One morning, while Gore is communing with the elm, a young woman who is holidaying nearby walks past the gate. They fall into conversation, although without exchanging names. A few days later, Gore receives in the post an unsigned card with an exquisite drawing of him and the elm. Meeting again at Ascot, Gore learns that she is Niobe Coke, aged 26. The pair rapidly fall in love. Two days before their intended wedding, while Gore is staying in London, the elm is brought down by an overnight storm, a disaster that the family fear will affect his fragile mind. But even before the news can be broken to him, Gore suffers an attack of amnesia while walking down Bond Street and completely forgets who he is. Gore is identified by the tailor's label in his suit, and his sister Cleopatra is informed.

Niobe and Cleopatra seek advice from the eminent physician Dr Berserk. He tells them that Gore should recover provided that he continues to live very quietly for the next six months, but that he will need a close companion of his own class. Niobe decides to live with him under the pretence that their marriage did in fact take place as planned.
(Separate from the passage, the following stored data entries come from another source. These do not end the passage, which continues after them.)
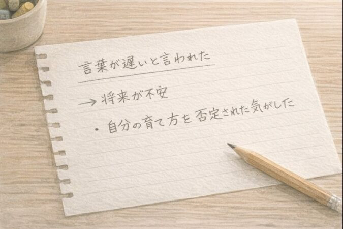 「言葉が遅いと言われた」 それを書いた後、隣に「それの何が一番不安なのか」を書き足してください。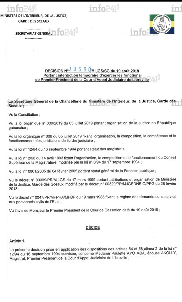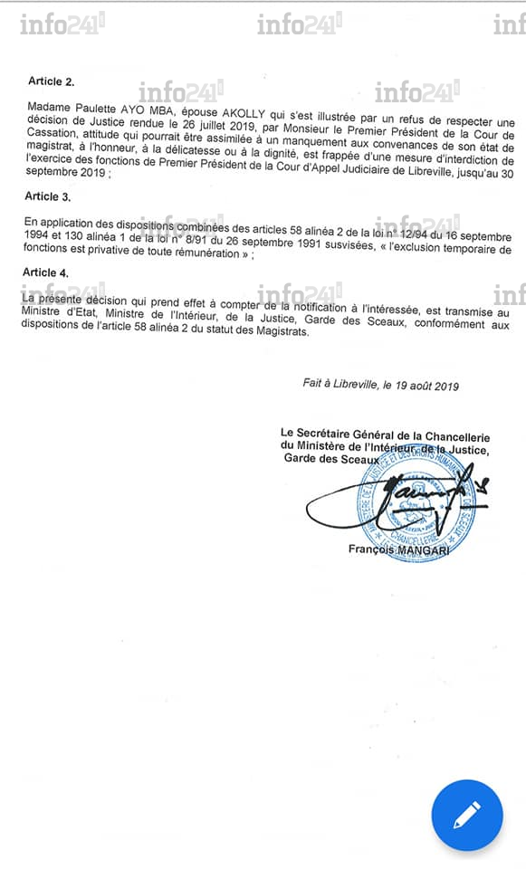 Pour le ministère de la Justice à l’origine de cette décision, la juge « s’est illustrée par un refus de respecter une décision de justice rendue le 26 juillet 2019 par monsieur le président de la Cour de cassation ». Une faute qui vaut à l’intéressée une exclusion temporaire de plus de 40 jours des effectifs de la justice gabonaise avec pour conséquence, le non-paiement de son salaire de septembre prochain.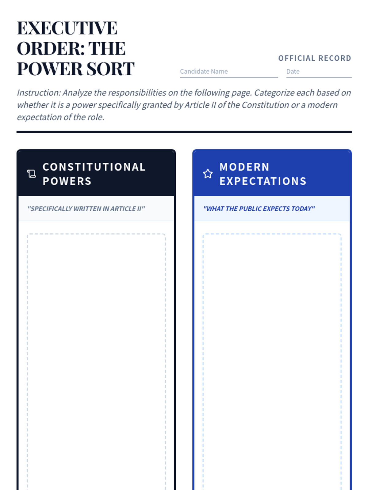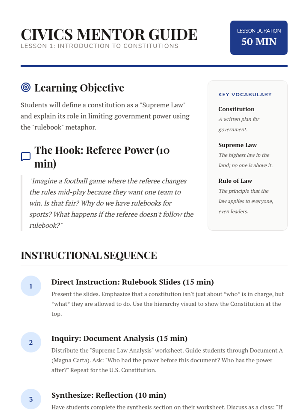 Students explore the concept of constitutional frameworks by drafting a 'Classroom Constitution.' They learn how written rules prevent confusion, define rights and responsibilities, and limit the power of leaders, culminating in a formal ratification ceremony.
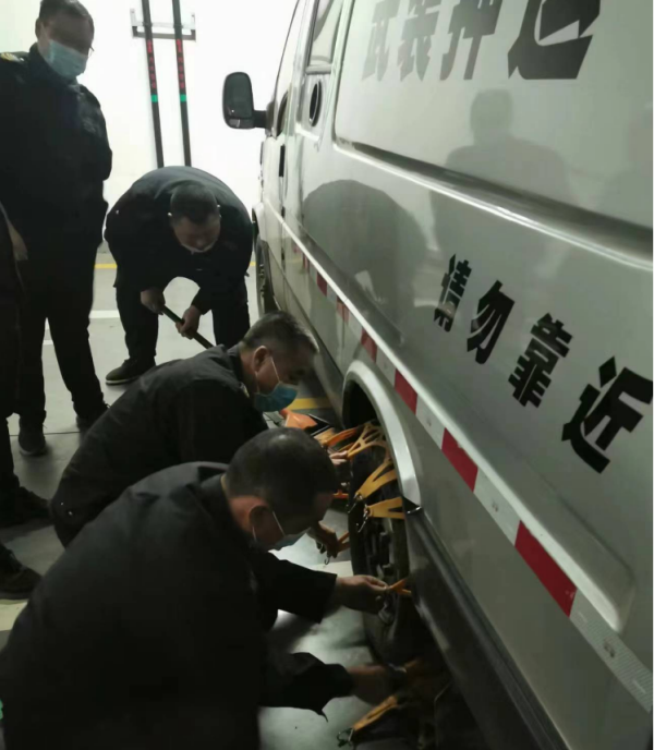 受寒潮影響,近日安陽市域?qū)⒂瓉碛暄┙禍靥鞖狻楸WC出勤安全,守押十二大隊于1月13日上午對押運車輛油路、電路、滅火器、輪胎防滑鏈等進行全面安全檢查,組織開展車輛輪胎防滑鏈的拆裝演練,以應(yīng)對未來因幾日天氣變化而造成出勤途中的突發(fā)狀況。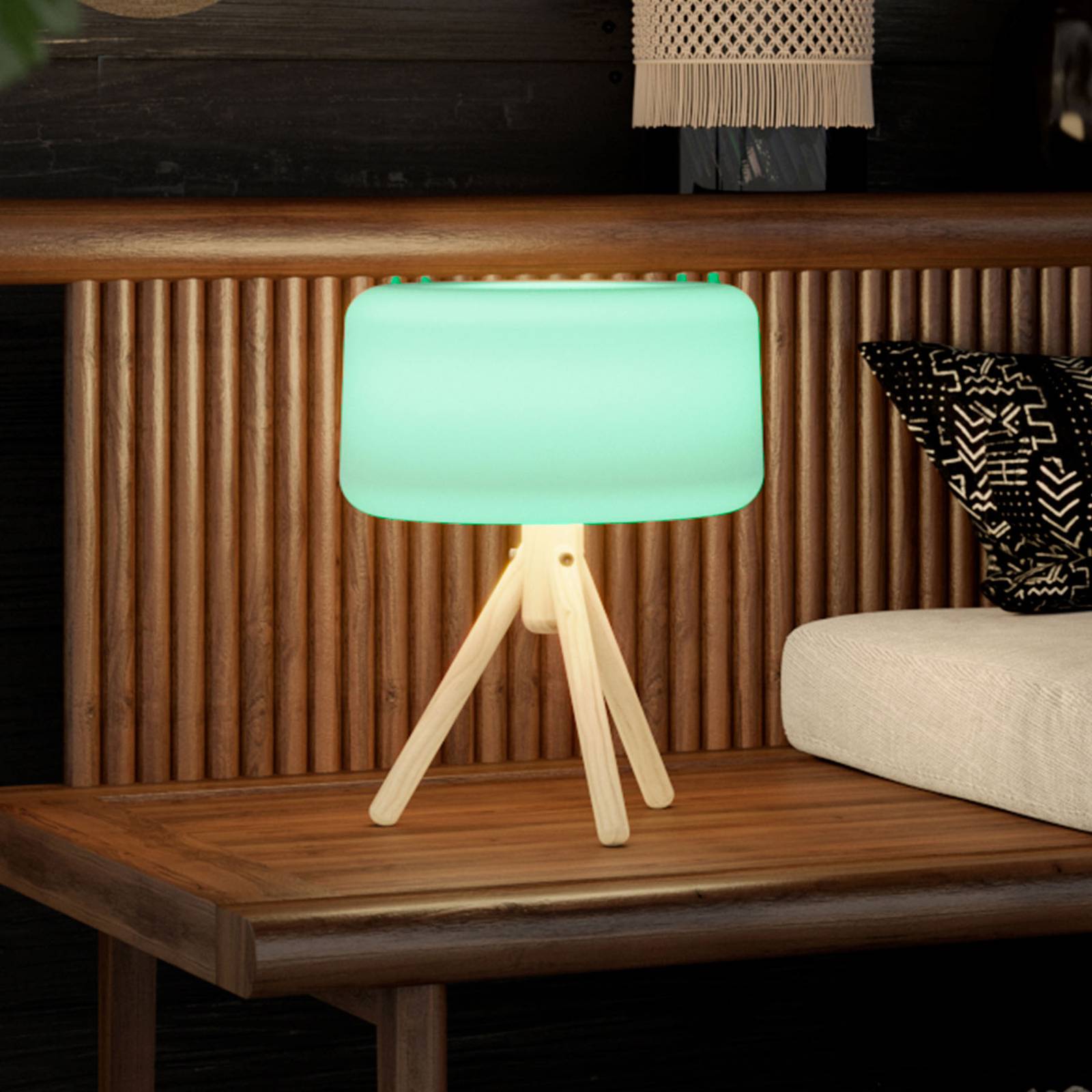 Chloe LED tafellamp met houten driepoot, oplaadbare batterij en zonnepaneel Chloe is een LED tafellamp met een geïntegreerde oplaadbare Akku en zonnepaneel die gratis voor verlichting kan zorgen, maar ook aan een stopcontact kan worden opgeladen met behulp van de meegeleverde oplaadkabel. De lamp bestaat uit een driepoot van hout en een cilindervormige, gesloten kap van polyethyleen met zacht afgeronde Kanten en is niet alleen een bron van licht, maar ook een aantrekkelijke decoratie op de terrastafel in een privéomgeving of in een horecagelegenheid buiten. Een afstandsbediening is ook inbegrepen. Gekleurde verlichting in 256 verschillende kleuren of wit licht in drie verschillende witte lichtkleuren kan gemakkelijk worden geselecteerd en de lichtsterkte kan worden aangepast met de afstandsbediening. Die kan handmatig of automatisch worden ingeschakeld via de geïntegreerde schemersensor – incl. oplaadbare 2.000 mAh lithiumbatterij – incl. laadkabel en afstandsbediening – verlichtingstijd met volle batterij 12 tot 36 uur – laadtijd ca. 2 – 6 uur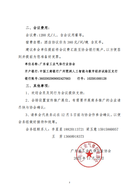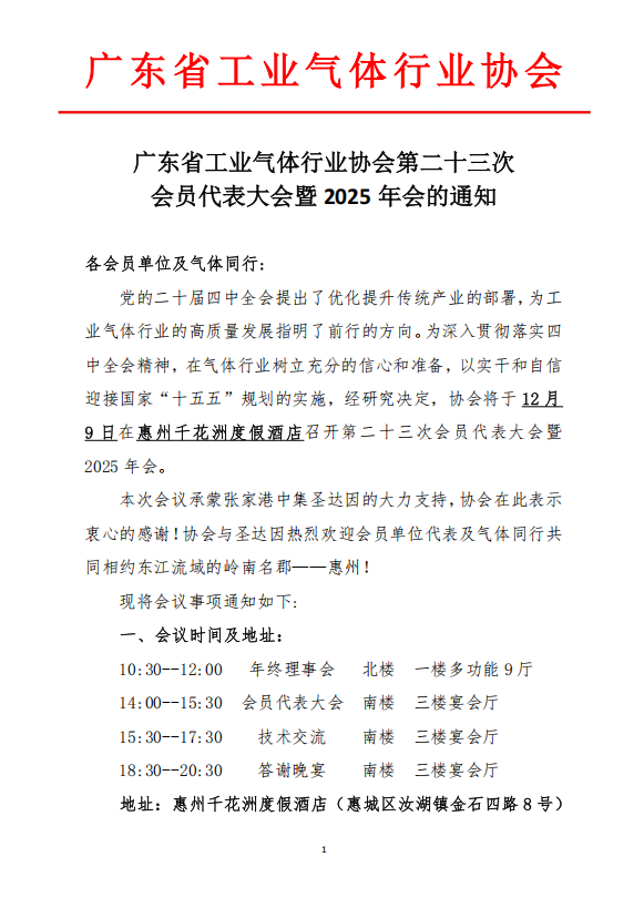 廣東省工業氣體行業協會第二十三次會員代表大會暨 2025 年會的通知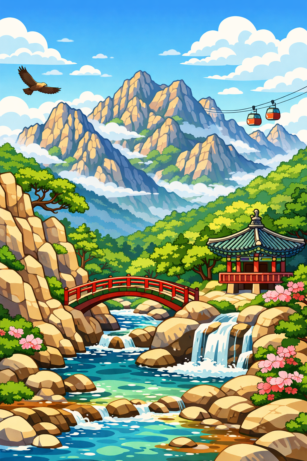 산 만화풍으로 그려줘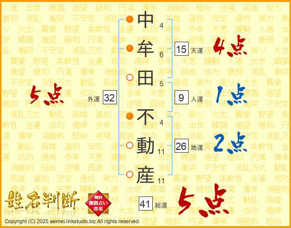 中(4画)牟(6画)田(5画) 不(4画)動(11画)産(11画)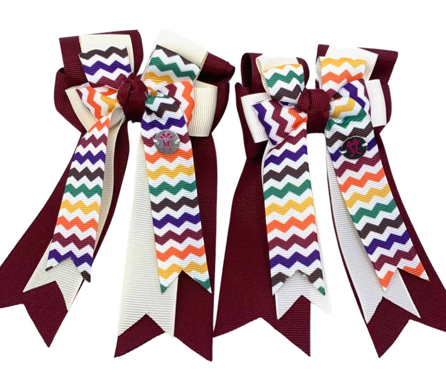 Handmade in Florida, PonyTail Bows are great accessories for young competitors. These triple-layer show bows come in cute and classic patterns for hunters and jumpers and are attached to a sturdy French barrette.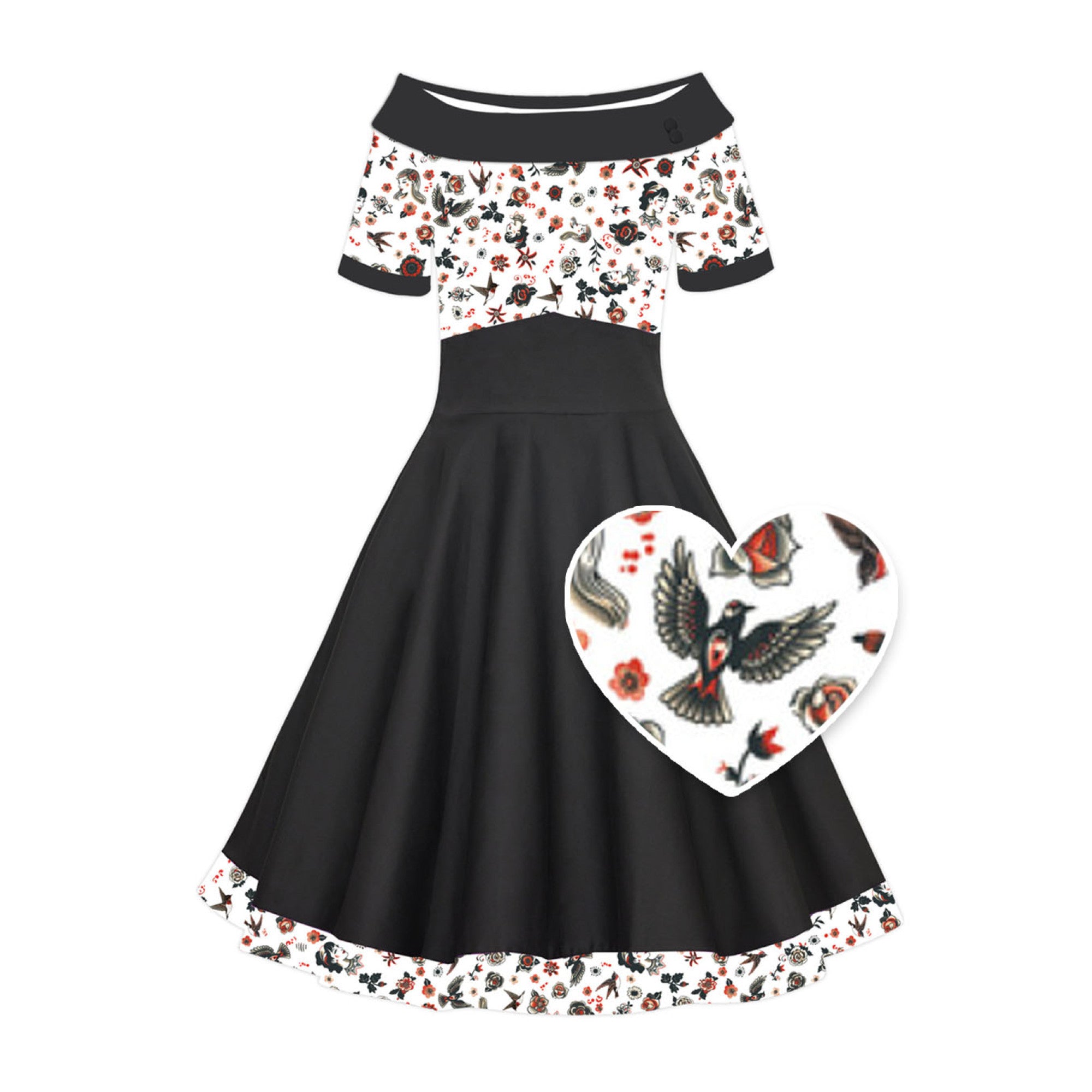 Introducing the essential Darlene dress, a must-have addition to your shop. This 50s style dress features flattering short sleeves, a wide-fitted waistband, a vintage off-the-shoulder neckline with button detail, and a vintage flared skirt that accentuates the figure flawlessly. To maintain a flattering fit, it fastens with a concealed side zip. Made from very soft cotton with generous stretch, this dress ensures both style and comfort for your customers.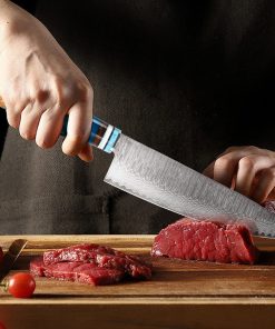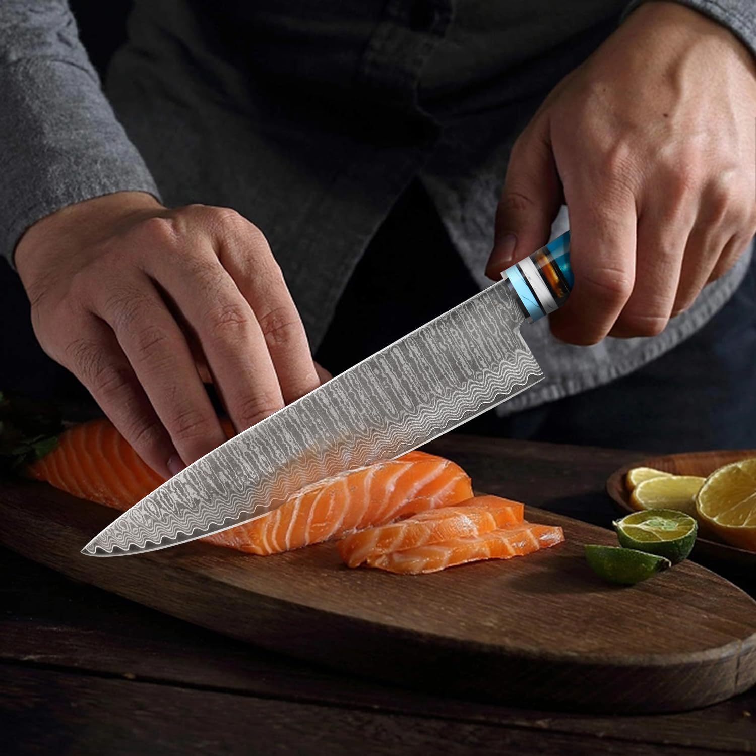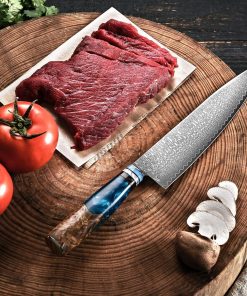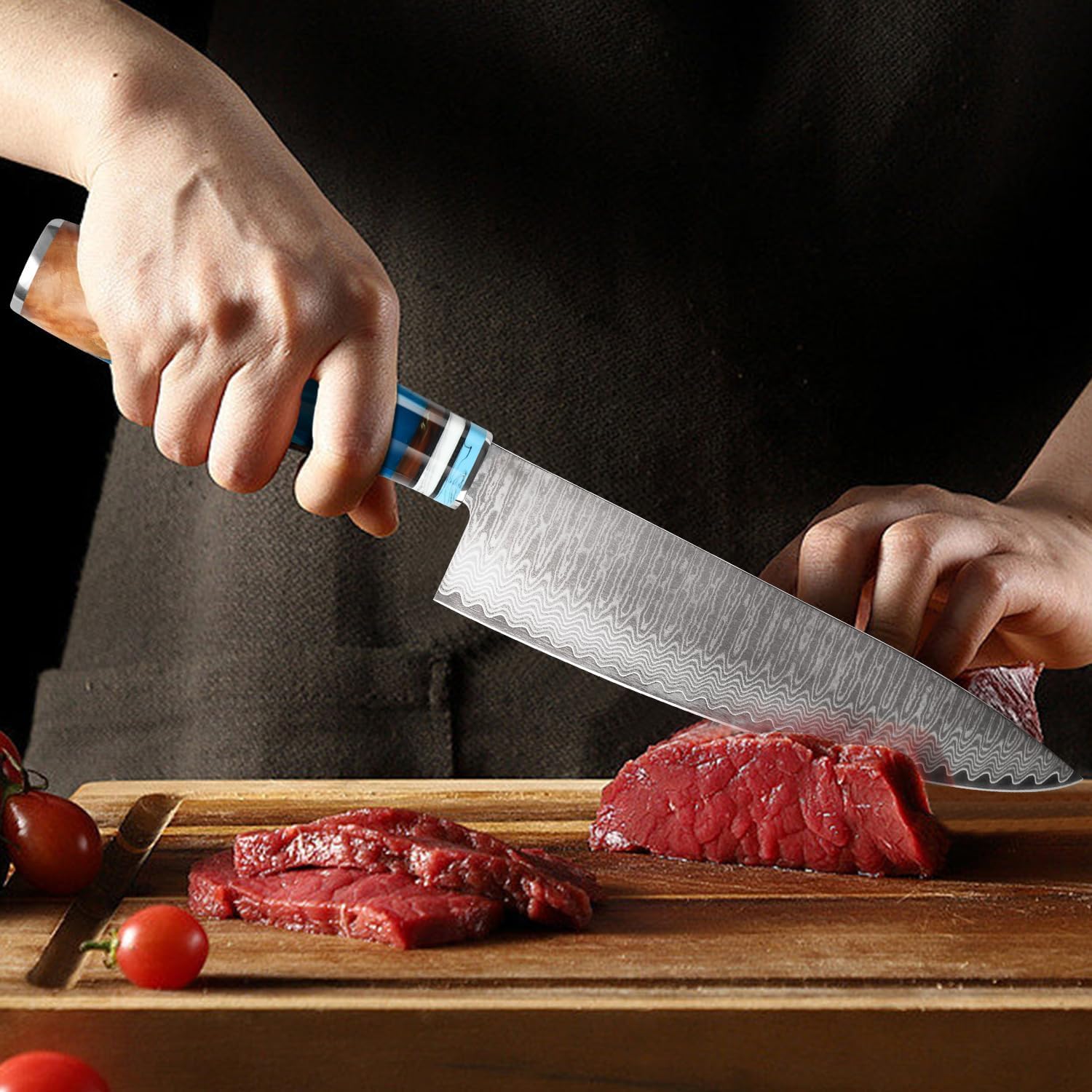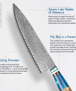 Couteau magnifique, la lame Damas de 20 cm coupe parfaitement et garde son tranchant, l’équilibre est excellent et le manche résine bleu est confortable en main, finition soignée et emballage en boîte cadeau, parfait pour la cuisine quotidienne ou comme cadeau.

Although unable to remember any of his friends and family, Gore readily accepts Niobe as his wife, and grows to love her anew. He does not realise that the elm is gone, and to avoid distressing him the family do not mention it.

After some months, the family decide that Gore really must be told that he is as yet unmarried. He is horrified but, deeply in love, readily agrees to marry straight away. Niobe arranges to have some of her drawings commercially published, Pompey taking on the role of her agent.

One sultry day, exactly a year after they first met, the couple visit Ascot again. Gore gets a headache, and as they are driving home his lost memories suddenly return – though he does not know it. Niobe is beside herself with worry about the shock he must experience when he realises that the elm is gone. Fortunately, her worries are not borne out, and he faces the loss by noting that she herself has now replaced the tree as his Privy Counsellor.

==Critical reception==
On the book's publication, John Metcalf of The Sunday Times opined that “Mr Dornford Yates’s fantasy life is rich enough to make millionaires superfluous”. He called his middle-aged author-hero "a very parfait gentil survivor from the world of Berry & Co." and wished "[g]ood luck to him and all wandering coelacanths".

Yates's 1982 biographer, AJ Smithers, however, felt that the author's imagination was beginning to flag and that this book was not amongst his best. He noted that several plot devices had been used before, including the wood-magic of a favourite elm, the immobilised officer with a head wound that renders him amnesiac, and jactitation of marriage by a respectable young woman for excellent reasons.

Writing in 2015, Kate Macdonald called the novel "a triumphant return to [Yates'] playful and witty style of the 1920s, an emotionally taut comedy of recovery from wartime brain damage, set in an English Arcadia".